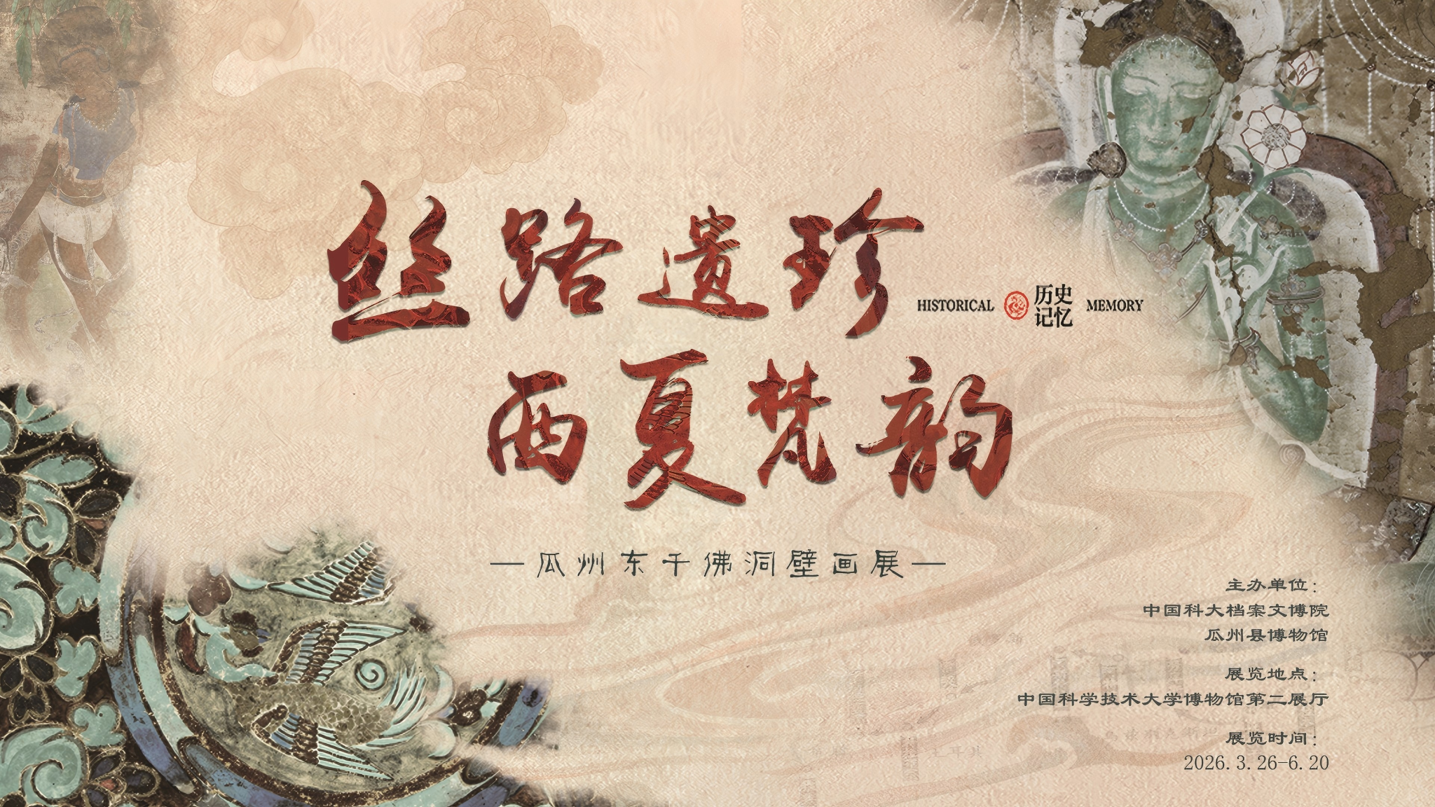 为让全校师生触摸丝路文明的千年脉动,中国科大档案文博院携手瓜州县博物馆推出《丝路遗珍 西夏梵韵——瓜州东千佛洞壁画展》。展览甄选23幅西夏壁画珍品,让大漠石窟中的艺术瑰宝走进校园,引领观者沉浸于一场融信仰、美学与历史于一体的丝路精神之旅。
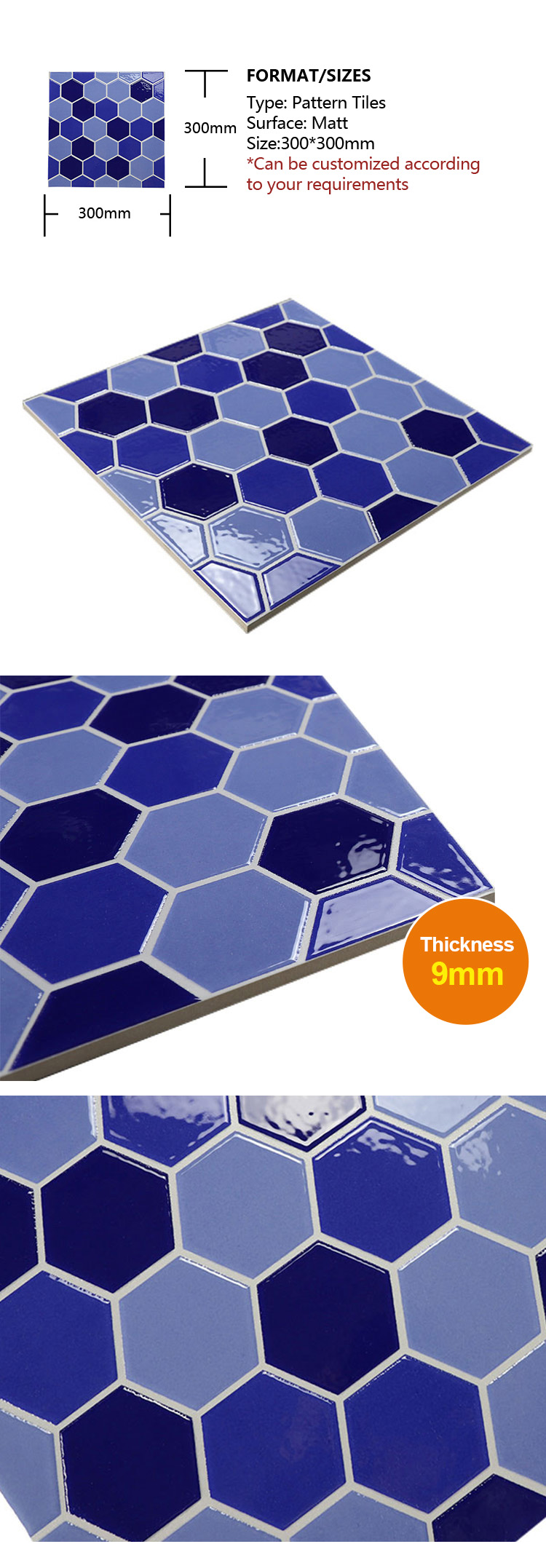 Custom Blue Hexagonal Patten Tiles For Wall
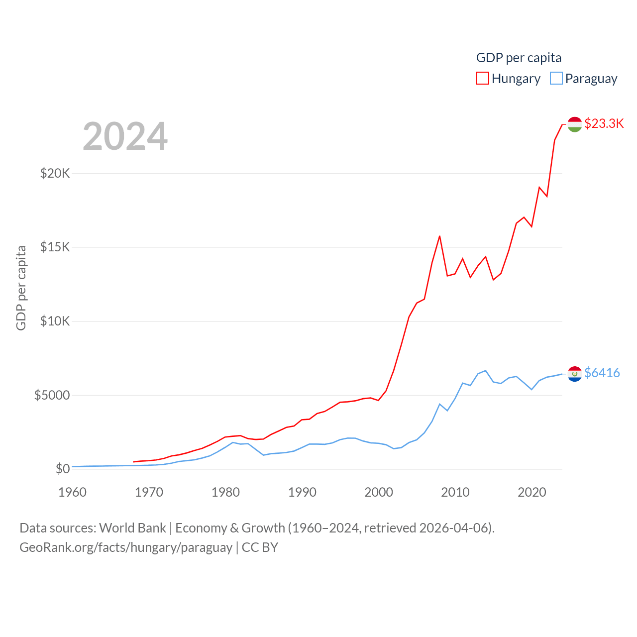 By GDP, Hungary ranks 55/197 ($223B) and Paraguay ranks 98/197 ($44.5B). By GDP per capita, Hungary ranks 55/197 ($23,292), while Paraguay ranks 109/197 ($6,416).
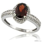 10k White Gold Diamond Halo Garnet Ring 1.2 ct Oval Stone 8x6 mm, 3/8 in wide
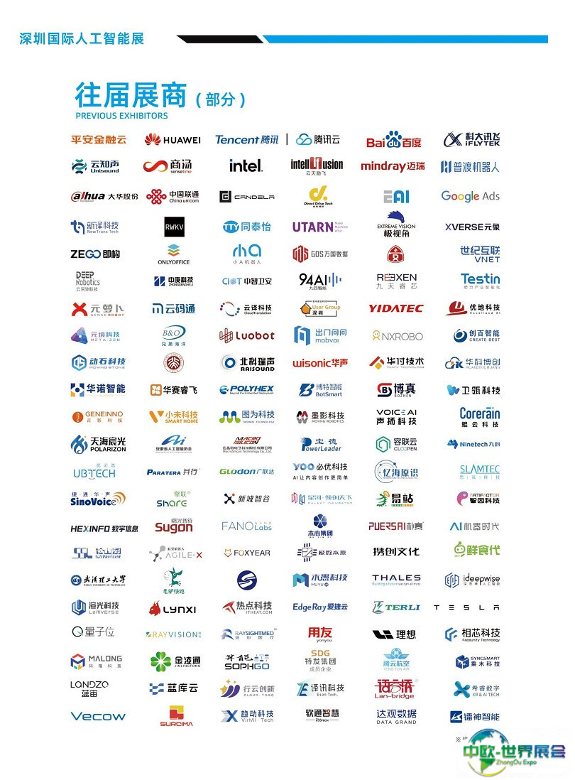 深圳国际人工智能展(GAIE)自2020年创办以来,得到了行业领军企业的积极响应和广泛参与。国内外知名展商包含平安科技、中国银行、华为、科讯飞、腾讯、英特尔、英伟达、汉王、迈瑞医疗、旷视科技、特斯拉、云天励飞、华声医疗、极视角等。
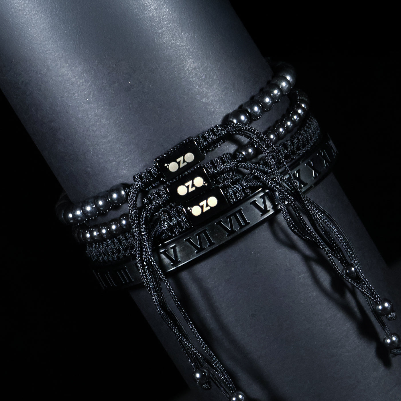 This multi-layered set features a combination of textured beads, geometric stone-inlaid cubes, a sleek bar bracelet, and a matte black Roman numeral bangle. Together, they form a refined and stylish stack that elevates any outfit—from streetwear to high-end formal attire.
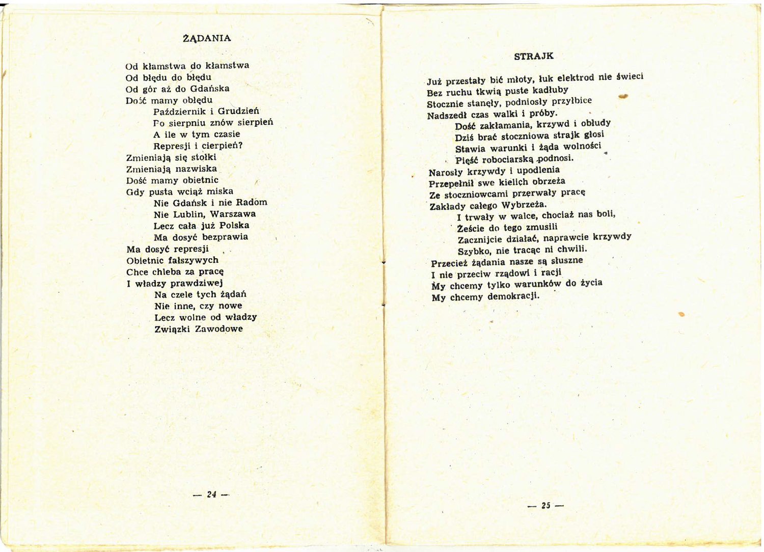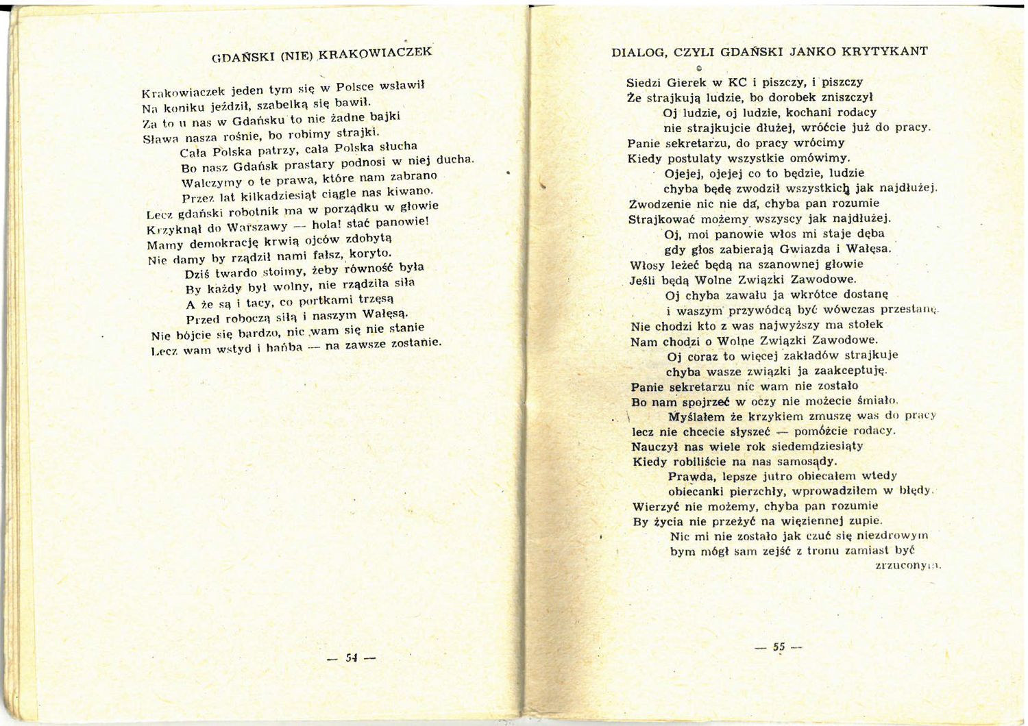 Twórczość, która nawiązywała do wydarzeń sierpniowych była bardzo różnorodna. Powstawały wiersze wartościowe, a nawet wybitne, pisane przez niewątpliwie utalentowanych autorów (Do  niektórych utworów szybko powstawały melodie. Bodaj najbardziej znanym przykładem tego rodzaju inspiracji jest wykorzystana w filmie Andrzeja Wajdy „Człowiek z żelaza” „Piosenka dla córki” poety Krzysztofa Kasprzyka, do której muzykę skomponował Maciej Pietrzyk). Obok nich rozpowszechniano wiele tekstów amatorskich, często nazbyt emfatycznych, zawierających dość banalne rymy, kreślonych bez zwracania uwagi na metrum i na pewno w pośpiechu, które trudno zaliczyć do arcydzieł. Również i te utwory bywały śpiewane, ale zazwyczaj na melodie znanych powszechnie hymnów, pieśni czy piosenek rozrywkowych. Jedne i drugie, niezależnie od oceny ich wartości literackiej, odzwierciedlają poglądy, uczucia i emocje autorów. Po latach przybliżają czytelnikom atmosferę Sierpnia i również dlatego zasługują na przypomnienie. Oto niektóre z nich, zawarte w przechowywanym w archiwum Oddziału IPN we Wrocławiu, drugoobiegowym zbiorze wydanym w grudniu 1980 roku przez Bibliotekę Historyczną i Literacką.
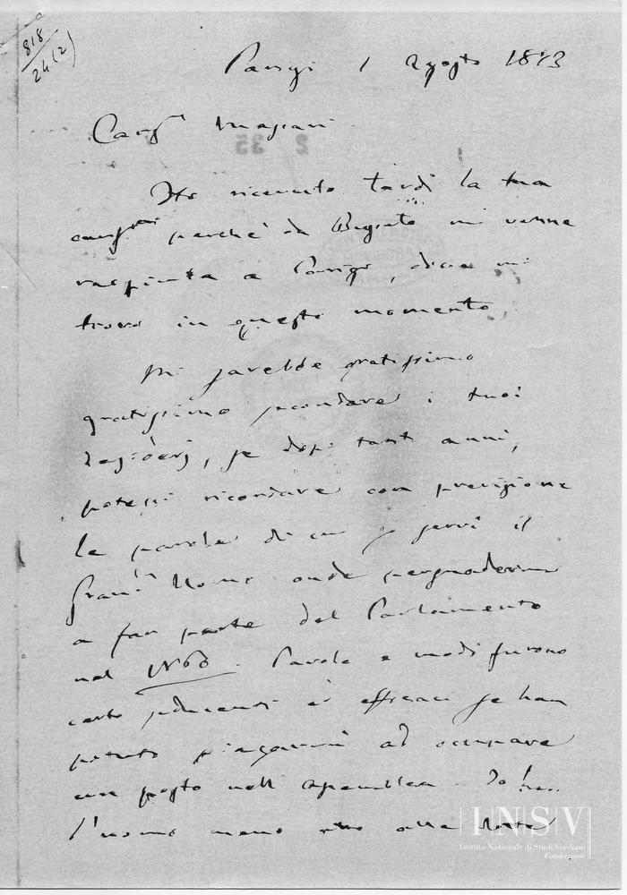 Corrispondenza Giuseppe Verdi a Giuseppe Massari, 01/08/1873 Parigi, 1 agosto 1873 read Giuseppe Verdi a Giuseppe Massari, 01/08/1873
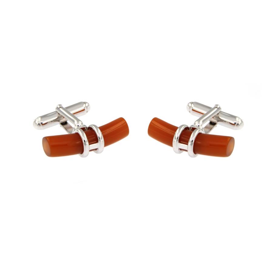 Gemelli in argento 925 con bacchetta in corniola e chiusura a scatto
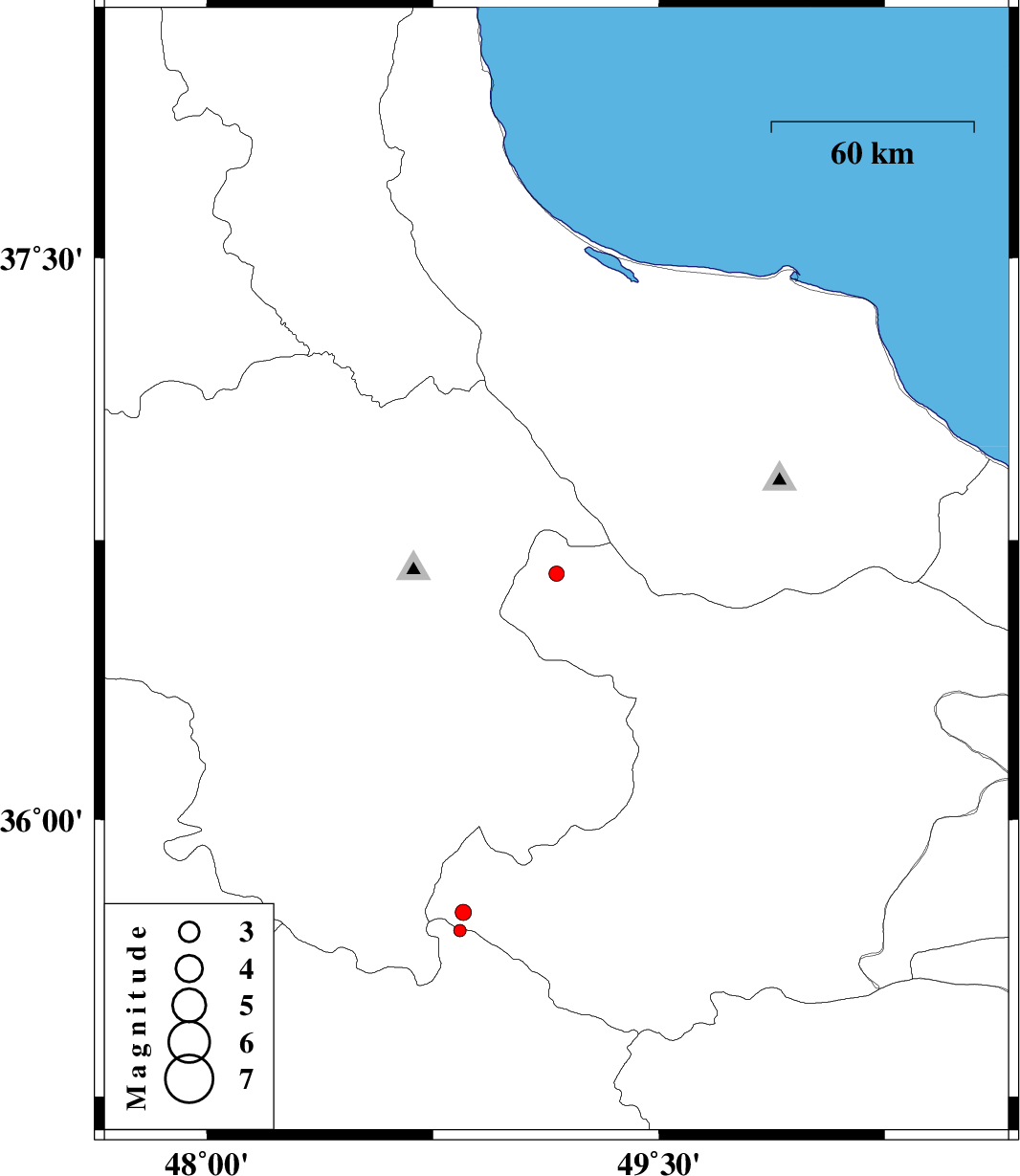 2014/03/10 | 16:10:09.4 | 19:40:09.4 | 36.66 | 49.16 | 28 | ML:2.3 | Ghazvin Province, 30 km South-West of Rudbar | ||
------------------------------
### Task prompt
Everything above from the line with "Custom Blue Hexagonal Patten Tiles For Wall" through the line with "This multi-layered set" should be retyped exactly, and nothing else; omit pictures.

### Solution to this task
 Custom Blue Hexagonal Patten Tiles For Wall
 By GDP, Hungary ranks 55/197 ($223B) and Paraguay ranks 98/197 ($44.5B). By GDP per capita, Hungary ranks 55/197 ($23,292), while Paraguay ranks 109/197 ($6,416).
 10k White Gold Diamond Halo Garnet Ring 1.2 ct Oval Stone 8x6 mm, 3/8 in wide
 深圳国际人工智能展(GAIE)自2020年创办以来,得到了行业领军企业的积极响应和广泛参与。国内外知名展商包含平安科技、中国银行、华为、科讯飞、腾讯、英特尔、英伟达、汉王、迈瑞医疗、旷视科技、特斯拉、云天励飞、华声医疗、极视角等。
 This multi-layered set features a combination of textured beads, geometric stone-inlaid cubes, a sleek bar bracelet, and a matte black Roman numeral bangle. Together, they form a refined and stylish stack that elevates any outfit—from streetwear to high-end formal attire.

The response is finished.